* Brief
Retype word for word the stretch of entries below from the line that has "The brand new" through the line that has "Утепленное пальто с", and omit the pictures.

* Records
▼▼▼
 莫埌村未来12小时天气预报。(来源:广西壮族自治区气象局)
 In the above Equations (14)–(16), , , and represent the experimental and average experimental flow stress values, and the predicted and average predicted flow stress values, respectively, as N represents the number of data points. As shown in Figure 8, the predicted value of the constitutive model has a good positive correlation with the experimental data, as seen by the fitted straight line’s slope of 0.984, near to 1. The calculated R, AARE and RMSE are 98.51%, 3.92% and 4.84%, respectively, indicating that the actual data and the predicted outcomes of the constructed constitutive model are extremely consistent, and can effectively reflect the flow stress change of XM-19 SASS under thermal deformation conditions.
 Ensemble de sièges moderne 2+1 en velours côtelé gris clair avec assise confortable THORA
▲▲▲
▼▼▼
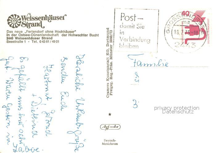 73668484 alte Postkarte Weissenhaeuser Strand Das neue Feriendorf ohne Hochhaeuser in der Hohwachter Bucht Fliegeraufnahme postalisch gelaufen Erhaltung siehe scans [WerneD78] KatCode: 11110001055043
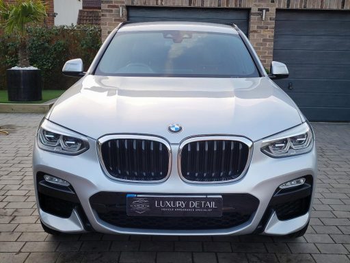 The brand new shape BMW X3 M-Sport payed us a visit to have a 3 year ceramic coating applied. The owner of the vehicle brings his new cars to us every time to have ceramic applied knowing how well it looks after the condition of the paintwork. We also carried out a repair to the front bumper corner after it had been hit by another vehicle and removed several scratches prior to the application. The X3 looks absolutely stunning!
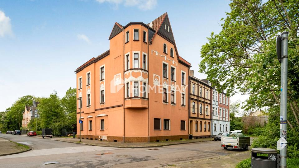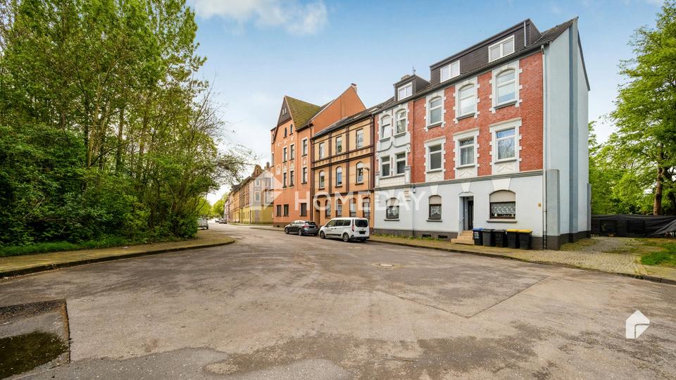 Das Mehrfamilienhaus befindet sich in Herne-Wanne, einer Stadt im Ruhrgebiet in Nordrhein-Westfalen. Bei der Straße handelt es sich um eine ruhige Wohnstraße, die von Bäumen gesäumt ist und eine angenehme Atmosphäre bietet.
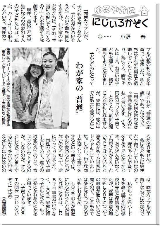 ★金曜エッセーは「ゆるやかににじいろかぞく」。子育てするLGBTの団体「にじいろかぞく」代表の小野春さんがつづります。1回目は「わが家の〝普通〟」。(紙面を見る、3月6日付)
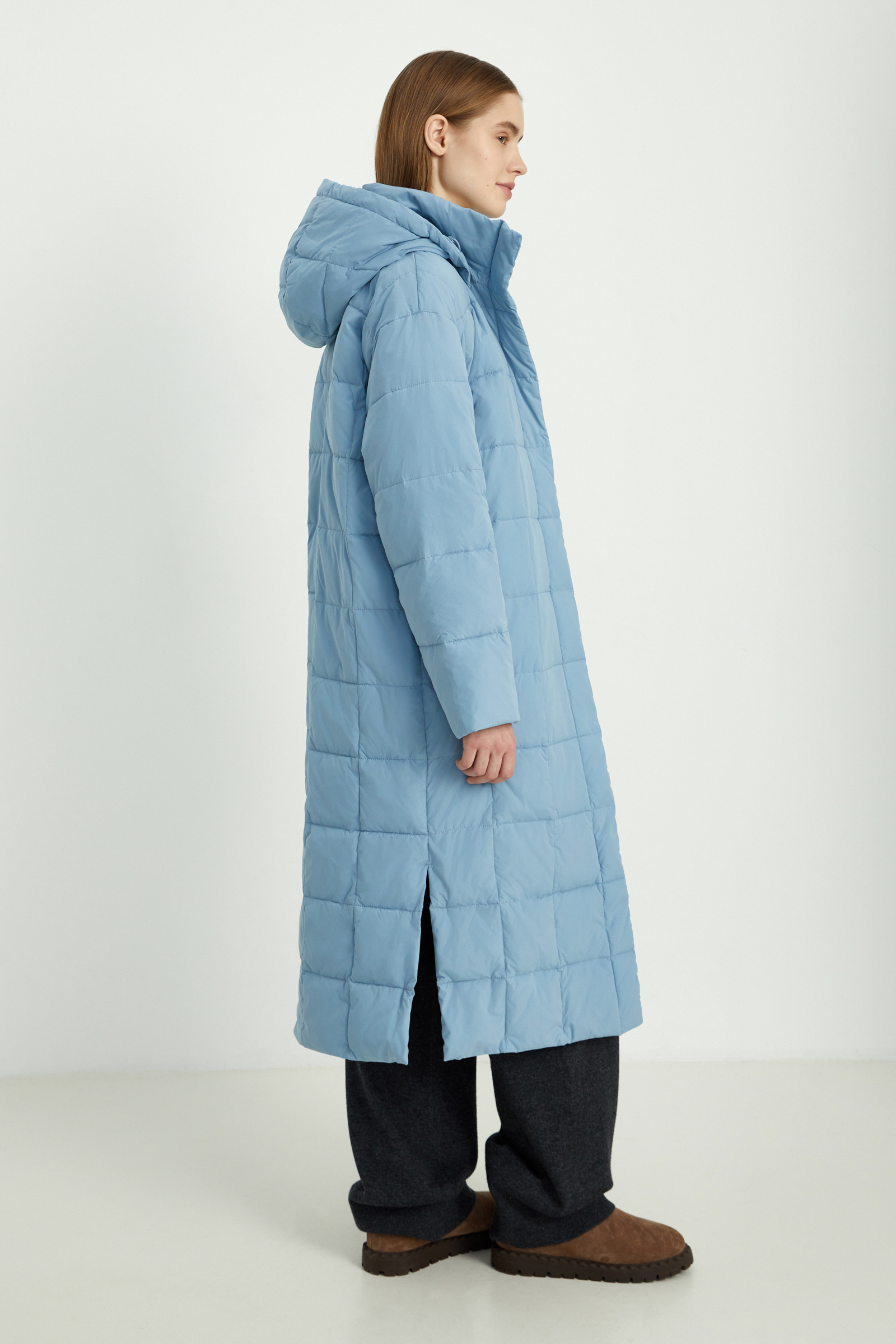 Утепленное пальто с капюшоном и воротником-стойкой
▲▲▲
▼▼▼
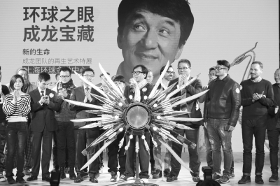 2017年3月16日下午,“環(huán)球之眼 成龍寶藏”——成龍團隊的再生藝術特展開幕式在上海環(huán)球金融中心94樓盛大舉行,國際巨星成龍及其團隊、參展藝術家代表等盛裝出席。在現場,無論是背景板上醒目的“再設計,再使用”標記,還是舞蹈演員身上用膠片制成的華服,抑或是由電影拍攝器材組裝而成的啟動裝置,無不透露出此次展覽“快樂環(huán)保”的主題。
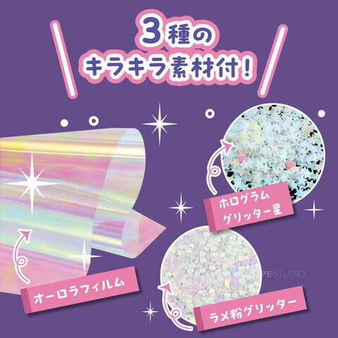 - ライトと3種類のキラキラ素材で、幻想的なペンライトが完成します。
▲▲▲
* Problem solution
 The brand new shape BMW X3 M-Sport payed us a visit to have a 3 year ceramic coating applied. The owner of the vehicle brings his new cars to us every time to have ceramic applied knowing how well it looks after the condition of the paintwork. We also carried out a repair to the front bumper corner after it had been hit by another vehicle and removed several scratches prior to the application. The X3 looks absolutely stunning!
 Das Mehrfamilienhaus befindet sich in Herne-Wanne, einer Stadt im Ruhrgebiet in Nordrhein-Westfalen. Bei der Straße handelt es sich um eine ruhige Wohnstraße, die von Bäumen gesäumt ist und eine angenehme Atmosphäre bietet.
 ★金曜エッセーは「ゆるやかににじいろかぞく」。子育てするLGBTの団体「にじいろかぞく」代表の小野春さんがつづります。1回目は「わが家の〝普通〟」。(紙面を見る、3月6日付)
 Утепленное пальто с капюшоном и воротником-стойкой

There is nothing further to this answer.